Недавно в Грузии разгорелся скандал вокруг компании, которая занималась суррогатным материнством для китайских клиентов. Большинство работниц – женщины из Центральной Азии, в том числе из Казахстана. Им не заплатили деньги, обещанные за рождение ребенка, и бросили на произвол судьбы. Почему казахстанки соглашаются на такие условия? Насколько суррогатное материнство в целом регулируется в нашей стране? Об этом Exclusive.kz поговорили с Вячеславом Локшиным, доктором медицинских наук, профессором Академии НАН РК.

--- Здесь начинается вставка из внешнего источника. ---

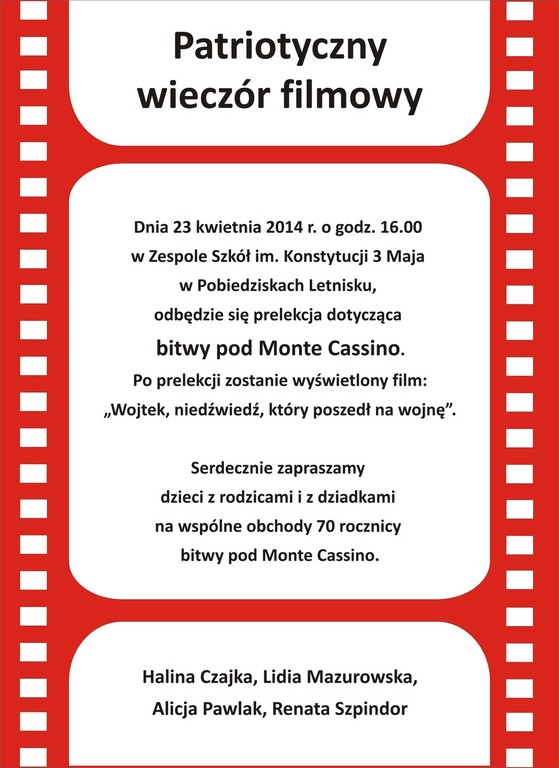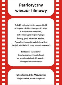 Patriotyczny wieczór filmowy Zdjęcia Zobacz również WIELKI SUKCES RECYTATORÓW Z EDUKACJI WCZESNOSZKOLNEJ PIOTR SZYMIEC DRUGI W POWIECIE IV Regionalny Dziecięcy Przegląd Pieśni Ludowej... Patriotyczny wieczór filmowy Spotkanie z przedstawicielami reprezentacji Włoch–... Karol Wojtyła Polski Święty 15 kwietnia 2014 Aktualności Wydrukuj Udostępnij Wyświetlono: 556

– Как вы относитесь к недавней новости о том, что в Грузии использовали казахстанок как суррогатных матерей, не платили им деньги и нарушали их права? Почему наши женщины на это идут?
– Прежде, чем говорить об этой истории, давайте сначала поговорим о суррогатном материнстве в целом и рассмотрим, почему люди обращаются к такому способу рождения детей.
Есть очень серьезная проблема бесплодного брака. Подавляющему большинству женщин, которые страдают бесплодием, можно помочь, не прибегая к такому методу, как суррогатное материнство, кому-то достаточно просто назначить лекарство.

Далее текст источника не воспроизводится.